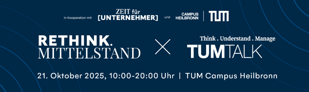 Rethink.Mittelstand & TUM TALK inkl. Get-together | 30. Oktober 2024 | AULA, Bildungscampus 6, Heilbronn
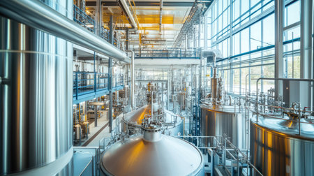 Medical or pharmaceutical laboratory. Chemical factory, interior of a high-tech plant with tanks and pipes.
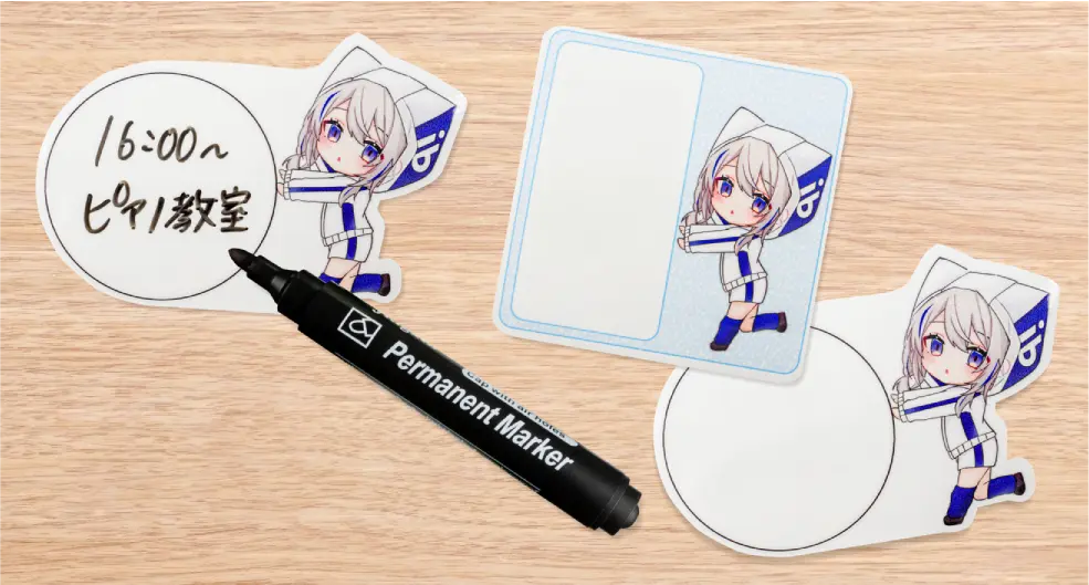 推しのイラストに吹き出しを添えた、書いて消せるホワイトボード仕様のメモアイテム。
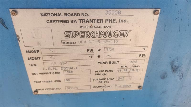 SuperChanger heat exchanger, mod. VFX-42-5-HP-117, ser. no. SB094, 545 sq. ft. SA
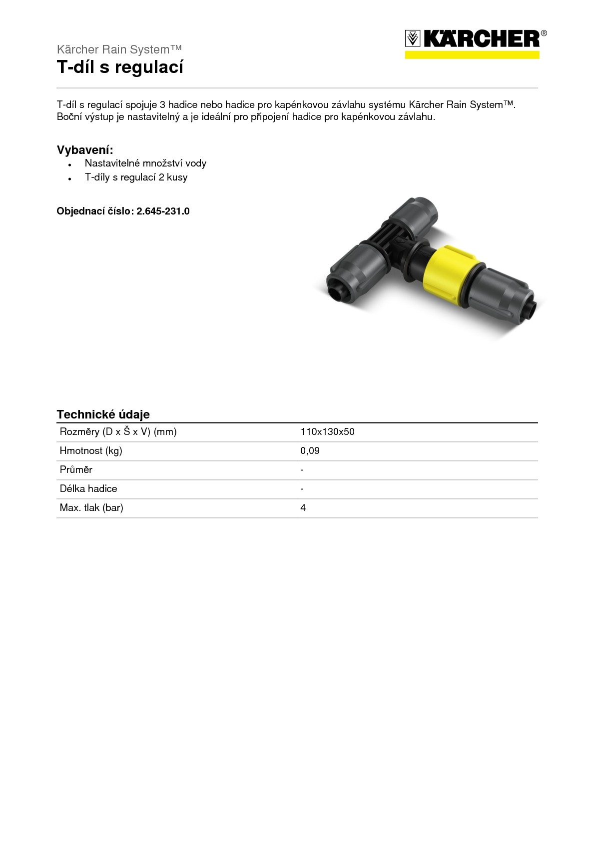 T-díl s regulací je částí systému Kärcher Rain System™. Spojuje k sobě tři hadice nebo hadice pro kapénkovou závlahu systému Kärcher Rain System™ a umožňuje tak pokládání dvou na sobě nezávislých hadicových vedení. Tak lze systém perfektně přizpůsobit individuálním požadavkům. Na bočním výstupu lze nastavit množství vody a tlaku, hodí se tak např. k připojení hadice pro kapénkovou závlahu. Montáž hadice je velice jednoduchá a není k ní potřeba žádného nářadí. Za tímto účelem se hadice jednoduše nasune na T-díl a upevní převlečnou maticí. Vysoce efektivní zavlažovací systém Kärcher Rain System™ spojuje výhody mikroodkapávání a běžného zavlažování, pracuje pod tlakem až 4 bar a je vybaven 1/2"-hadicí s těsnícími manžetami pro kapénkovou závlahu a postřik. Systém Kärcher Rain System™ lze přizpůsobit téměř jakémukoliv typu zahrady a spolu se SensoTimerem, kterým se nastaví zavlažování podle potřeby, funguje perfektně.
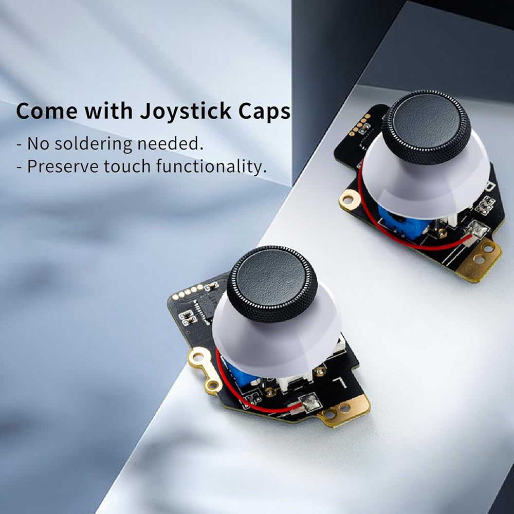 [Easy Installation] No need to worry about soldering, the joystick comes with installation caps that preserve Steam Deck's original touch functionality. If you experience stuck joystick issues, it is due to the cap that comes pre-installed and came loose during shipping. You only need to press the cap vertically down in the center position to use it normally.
--------
• _ASSIGNMENT_
Set down exactly the lines running from the beginning of the entries above to the line that contains "推しのイラストに吹き出しを添", including both, and leave out pictures.

• _RESULT FOR THIS TASK_
 Rethink.Mittelstand & TUM TALK inkl. Get-together | 30. Oktober 2024 | AULA, Bildungscampus 6, Heilbronn
 Medical or pharmaceutical laboratory. Chemical factory, interior of a high-tech plant with tanks and pipes.
 推しのイラストに吹き出しを添えた、書いて消せるホワイトボード仕様のメモアイテム。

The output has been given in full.